Foot Locker Is Now on DoorDash. Sneakers Just Moved Into the Convenience Tier.

Retail Dive

Foot Locker joins DoorDash for on-demand delivery. The logistics story is obvious. The category signal matters more: footwear is now a convenience purchase for a segment of buyers large enough that Foot Locker is optimizing for it.

Myntra's M-Now captured 10% of orders in active Indian markets within a year by treating apparel as a convenience category. DoorDash reports over a third of its monthly active users already shop retail and grocery. Foot Locker isn't converting sneaker consideration into impulse. It's capturing convenience intent that was never going to enter a sneaker store — people who need a specific pair today, not a shopping experience.

The inventory constraint is the story that will surface next quarter. On-demand delivery only works for SKUs maintainable within a reasonable fulfillment radius. That curated subset will tell us which sneakers the market has decided are convenience products and which ones still require the store. That's actually useful competitive intelligence about where the category is going.

Henkel Buys Olaplex for $1.4B. European Conglomerates Have a Different M&A Playbook.

Retail Dive

Henkel is acquiring Olaplex for $1.4 billion. Standard acquisition language from the CEO: accelerate product innovation, expand reach. The interesting layer is what Henkel actually brings to the deal.

Henkel has the R&D infrastructure — including AI-assisted formulation tools — to run bond-repair chemistry at industrial scale. Olaplex has the cult following and the patent estate. The combination is a template for what premium beauty AI looks like when you have both the data infrastructure and the consumer trust. One without the other produces either expensive science nobody buys or a brand with nothing defensible under it.

The pattern bears watching: European beauty conglomerates (Henkel, L'Oréal, Beiersdorf) are acquiring category-defining brands and applying AI R&D infrastructure to them. This is slower and more capital-intensive than the American CPG roll-up playbook, but the margin structure of premium hair care gives it room to compound. The question for Olaplex loyalists: does Henkel's scale accelerate the innovation or sand down the edges that made the brand interesting?

Tubi Is the First Streamer in ChatGPT. The Commerce Read Is More Interesting Than the Media Read.

TechCrunch

Tubi is now a native app inside ChatGPT. Media industry headline: OpenAI is becoming an entertainment hub. Retail industry headline: the discovery interface for content and commerce are converging in the same container.

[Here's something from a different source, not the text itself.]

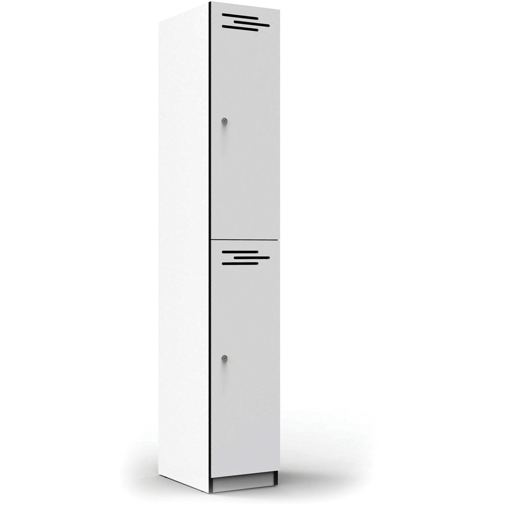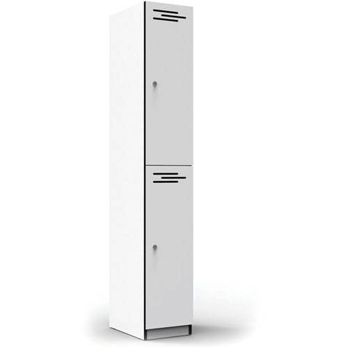 • RAPIDLINE MELAMINE LOCKER 2 DOOR 305W x 455D x 1850H NATURAL WHITE WITH BLACK

Sephora's ChatGPT app launched the same day OpenAI retreated from Instant Checkout. The pattern: the commerce that works inside ChatGPT isn't transactional — it's discovery. Tubi's content library is curated by taste and occasion. Fashion is curated by taste and occasion. The next Tubi inside ChatGPT will be a fashion discovery experience, not a product feed.

There's a structural read here that connects to Southeast Asian video commerce. The West keeps trying to embed checkout into entertainment formats and keeps failing. ChatGPT is doing the reverse — embedding entertainment into the interface where purchase intent already forms. That's the architecture that actually works, and Tubi just demonstrated it is technically feasible at consumer scale.

Prediction: Within six months, at least one fashion brand will announce a native ChatGPT app. Tubi just published the integration blueprint.

JD's Oxygen and Alibaba's Token architecture landed in the same week — if that's a coincidence, it's one with very similar architects.